Hi Sir, I will be 26 in January, and investing ~14900 monthly across - ParagParikhFlexi 6K, Motilal Midcap -3.9K, HDFC Small cap-3.5 K, SBI Contra, 1.5K and Quarterly add 7.5K in Nippon indiaPower&Infra fund. Current XIRR is 12.80%. and total value is 3L. Apart from this i just do 1500 per month in PPF (which i plan to continue and increase amount) I need guidance on addition of 2 more funds so I make my monthly investment close to 18/19000 and/Or any replacement in current MF's as I see SBI contra and HDFC are slow performing. Your previous guidance helped me much I am determined to step up on total monthly investing value every year by 15-20%.
Ans: Your commitment to increasing monthly investments by 15–20% yearly is excellent.
It shows strong financial planning discipline.
Your current mutual fund (MF) strategy reflects good intent to grow wealth over time.
Now, let us examine your portfolio carefully from a 360-degree perspective.
» Current Mutual Fund Portfolio Overview
– You are investing Rs 14,900 monthly across five funds.
– You focus on diversified, mid-cap, small-cap, contra, and power & infrastructure funds.
– Current XIRR is 12.80%, which is decent.
– Your total value is Rs 3 lakh.
– You also contribute Rs 1,500 monthly to PPF.

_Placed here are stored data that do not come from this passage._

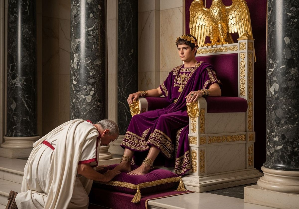 This image depicts a young Emperor Nero seated on an elaborate throne. A Roman senator kneels before him in a lavish throne room with marble columns, captured in a photograph with natural lighting.
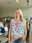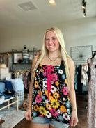 Embrace timeless femininity with this Floral Square Neck Babydoll Top With Front Ties. This exquisite piece combines classic design elements with contemporary flair, featuring a flattering square neckline with ties. The vibrant floral print is beautifully framed by color-blocked panels, creating a harmonious balance between boldness and subtlety.
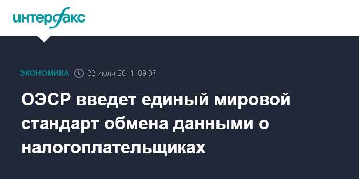 Москва. 22 июля. INTERFAX.RU - Организация экономического сотрудничества и развития (ОЭСР) сделала в понедельник еще один шаг к созданию трансграничной системы обмена информацией о налогоплательщиках, опубликовав полную версию единых международных стандартов такого обмена.
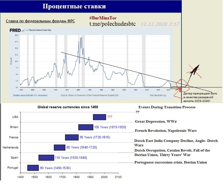 Если провести трендовую ставки Фед. Резерва, то она дойдёт до пола (околонулевых значений) именно в эти года. Пробитие трендовой и шоковый рост ставок- как следствие борьбы с мощной инфляцией, которая будет только нарастать определит какой то *здец к концу третьего десятилетия! Может кто то слышал про Варбургов и их планы к 2027 году?)))
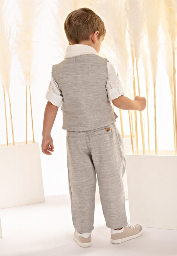 Μια κομψή και μοντέρνα πρόταση που ισορροπεί ανάμεσα στην κλασική γραμμή και τις σύγχρονες λεπτομέρειες. Το σύνολο περιλαμβάνει παντελόνι σε silver grey μελανζέ γκοφρέ ύφασμα, με ιδιαίτερες reverse πιέτες, συνδυασμένο με γιλέκο που διαθέτει λοξό ασύμμετρο κόψιμο και εξωτερικό τσεπάκι. Το βαμβακερό πουκάμισο σε off white απόχρωση με τον ξεχωριστό mao γιακά ολοκληρώνει την εμφάνιση, ενώ το πλισέ φουλάρι σε off white χρώμα, η ζώνη από γκρι μελανζέ κορδόνι και το ψάθινο καπέλο ή τραγιάσκα (ανάλογα με την προτίμηση) προσθέτουν τις τελευταίες πινελιές κομψότητας.
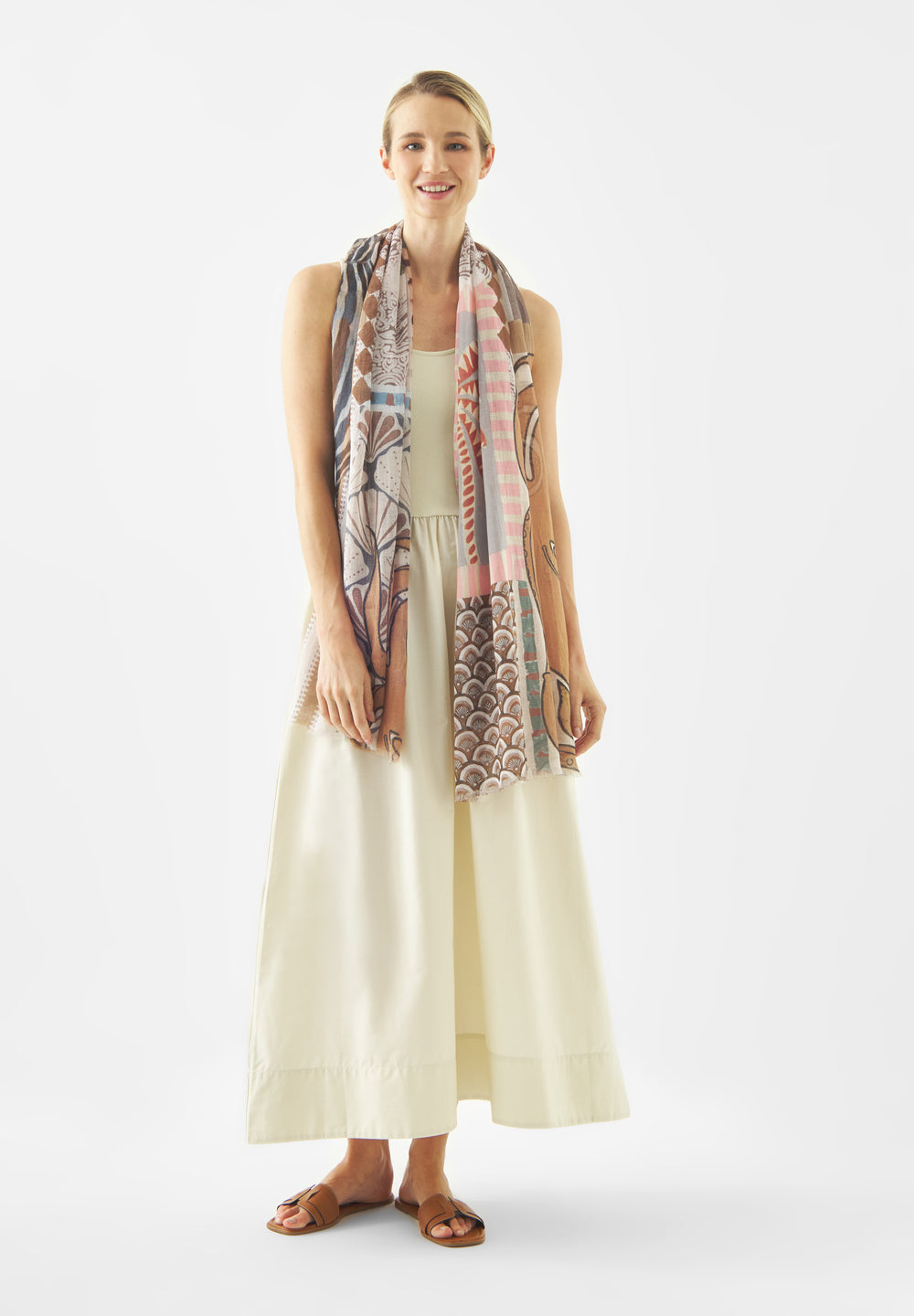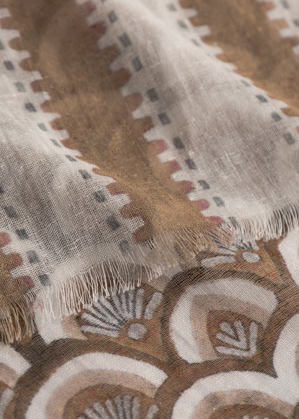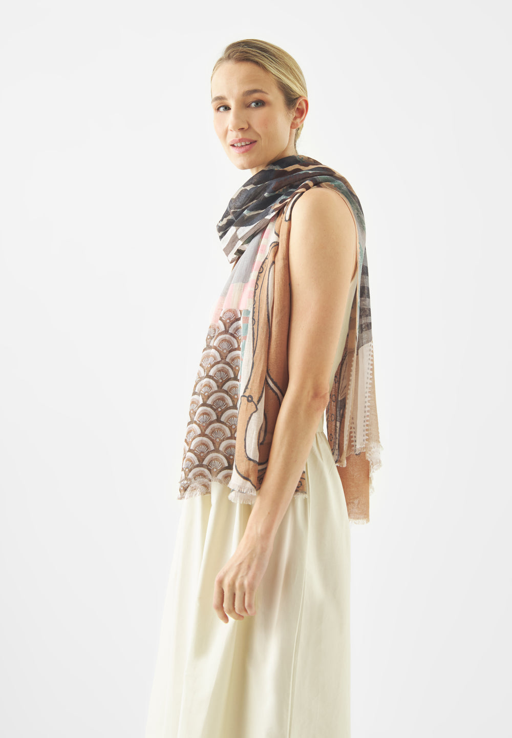 Dieser angenehm leichte und luftige Schal mit Muschel-Motiv und einem Mustermix aus warmen Naturtöten wirkt besonders fashionable, wenn du ihn mit Weiß kombinierst. Die Mischqualität ist perfekt für den Sommer geeignet. Sie vereint die Vorzüge der drei Fasern. Leinen steht für eine edle Optik gepaart mit einer kernigen Griffigkeit. Modalfasern geben dem Schal Weichheit. Der Baumwollanteil sorgt für Lässigkeit und Unkompliziertheit. Der natürliche Kühleffekt und die gute Luftdurchlässigkeit machen den Stoff vor allem bei warmen Temperaturen sehr beliebt.
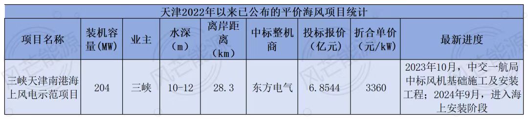 受限于资源条件,截至目前,天津仅披露一个平价海上风电项目。该示范项目总投资约22亿元,是天津市首个“双十”项目。
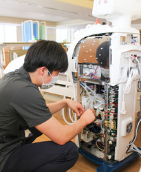 病院で使用されている人工呼吸器、輸液ポンプ、シリンジポンプ、酸素流量計、血圧計、補助循環装置、保育器などの機器の定期点検・消耗品の交換などの保守管理などをおこなっています。
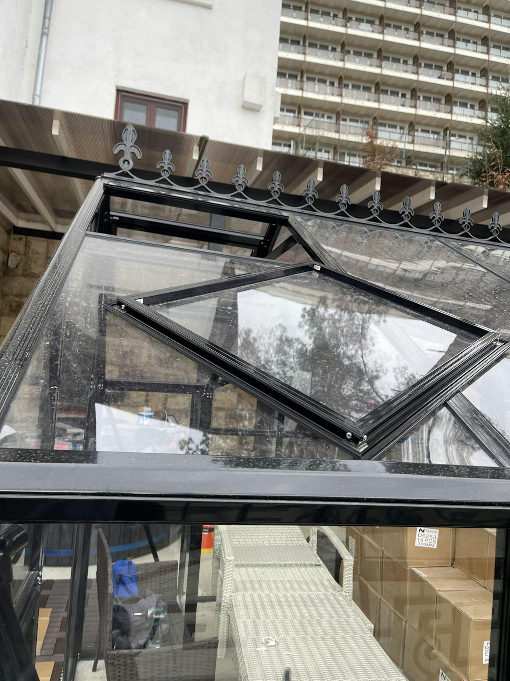 NOTA: O seră/oranjerie este o structură simplă cu un singur strat care nu este 100% impermeabilă. Pot exista scurgeri la luminatoare și îmbinări de pe acoperiș. Cu alte cuvinte, omisiunile nu sunt eligibile pentru reclamație.
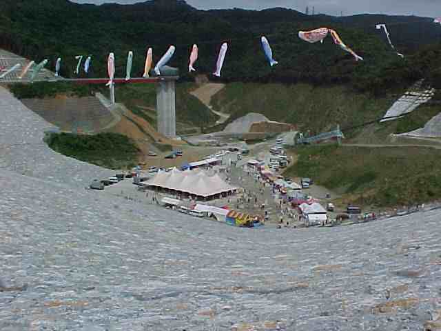 「鯉のぼり祭り」が羽地ダムの湖底で行われる(ゴールデンウィーク期間中)事を新聞で知り、こどもの日に出かける。多くの見物客でごった返していた。いざ、湖底へ、このダムの高低差は約70mあるらしい。あと、数ヶ月で湖底は見ることが出来なくなる。今度は、水が貯水されたときに見に来ることにしよう。
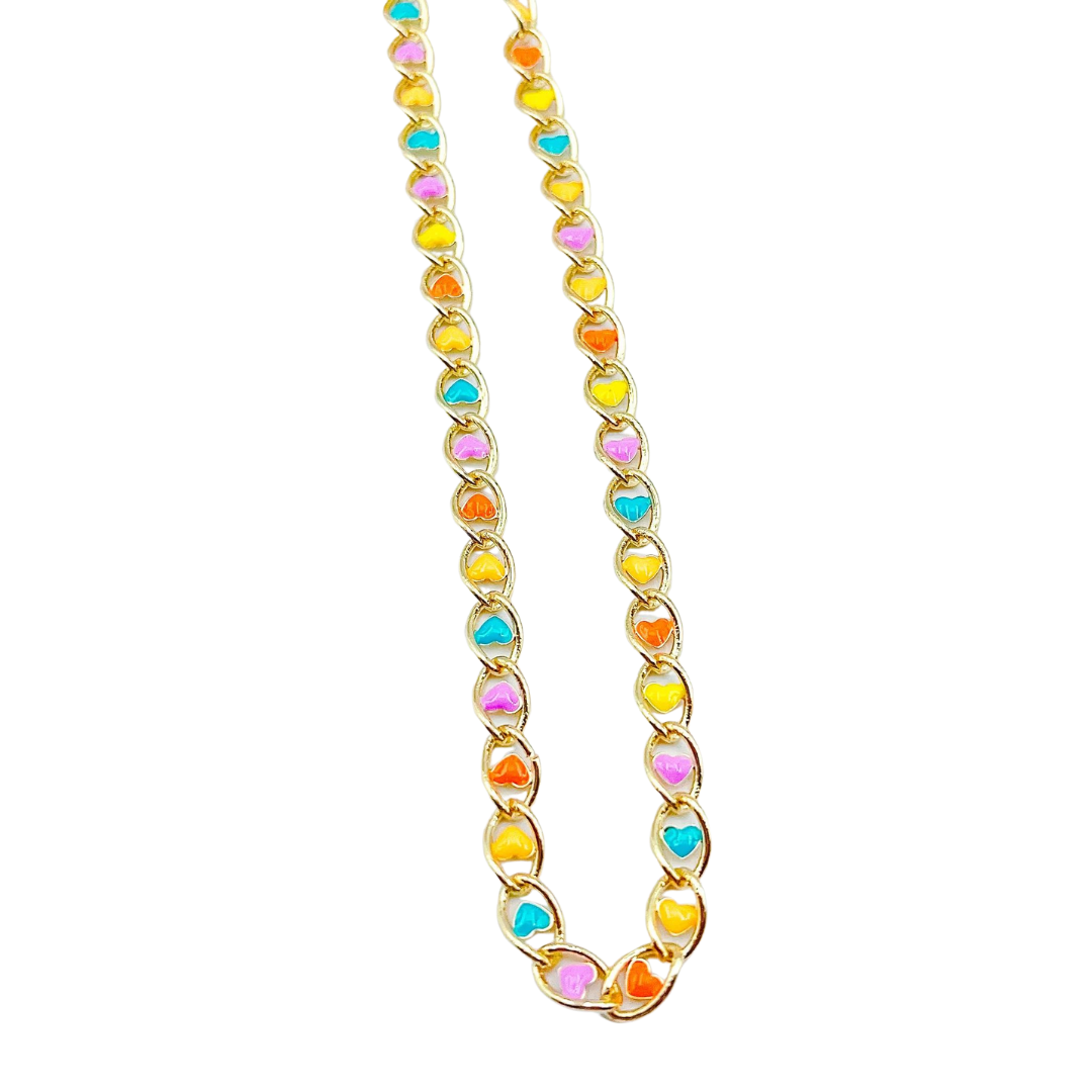 Add a pop of color to your outfit with this playful enamel multi heart necklace. The gold plating adds a touch of sophistication to this quirky and fun accessory. Stand out from the crowd and show off your unique style with this colorful statement piece.
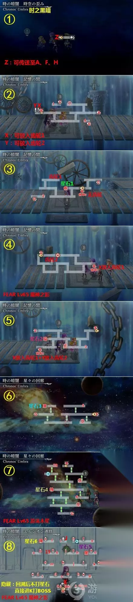 25章时之黑暗 地图:8张 流程: ①记忆之殿:A→B→星石·疾→齿轮1→B→X→B→齿轮2→B→Y→B→星石·焰→F ②繁星回廊:F→星石·凍→G→星石·塊→H ③埃尔吉昂通道:H→c→d→星石·闇,H→c→e→f→星石·輝,H→g(摇篮)→h(积木)→i(卡片)→j(小孩)→l(小孩)→J(猫)→K 宝箱:13个 闪光:5个 隐藏要素:通关后从次元夹缝左边第2个门回溯到时之黑暗,不打6个星石,直接到埃尔吉昂通道打BOSS。详见第1部 隐藏要素合集 FEAR:Lv65魔神之影,Lv65游荡木星(和次元漩涡不同) BOSS:星石×6,无弱无耐。 最终BOSS:克洛诺斯·梅纳斯,无弱无耐 行动模式:没打哪个星石就具有哪个(被动)技能,打了就没有那个(被动)技能。 被动技能 凍:AF不可用 焰:每回合结束我方全体受到300伤害 闇:奇数回合物理吸收、偶数回合魔法吸收 輝:每回合回复HP8000 R1 单体物理 R2(疾) 全体HP90%伤害 R3(塊) 全体随机异常状态 R4 全体火魔法 R5 敌我双方BUFF/DEBUFF解除 R6 全体地魔法 R7 全体1200伤害 以上就是另一个伊甸超越时空的猫25章时之黑暗地图收集攻略了,希望对大家有所帮助。

– PPF is a good safe investment for tax-saving and long-term stability.
– Continuously increasing PPF contribution is a smart plan.
» Mid-cap and Small-cap Fund Analysis
– Mid-cap and small-cap funds offer higher return potential.
– But they come with higher risk and volatility.
– HDFC Small Cap and Motilal Midcap are long-term growth-focused.
– However, you rightly observed SBI Contra and HDFC Small Cap underperformance.
– Markets fluctuate, but long-term performance matters.
– Avoid hasty exits due to short-term underperformance.
– But active monitoring is essential.
» SBI Contra and HDFC Small Cap Underperformance
– SBI Contra has been sluggish recently.
– Small-cap funds also faced downturn due to market corrections.
– Actively managed mutual funds help adapt to changing market conditions.
– Direct funds require deep market knowledge and are harder to manage alone.
– Regular funds through MFD offer professional portfolio balancing.
– Certified Financial Planner helps maintain proper asset allocation.
» Recommendation to Replace or Add New Funds
– Replace SBI Contra with a well-performing diversified equity fund.
– Look for large & mid-cap funds with stable track records.
– Adding a balanced or hybrid fund reduces overall volatility.
– Hybrid funds invest in both equity and debt.
– This provides steady returns and lowers risk.
– Adding a high-quality large-cap focused equity fund is wise.
– Large-cap funds are less volatile and provide stable growth.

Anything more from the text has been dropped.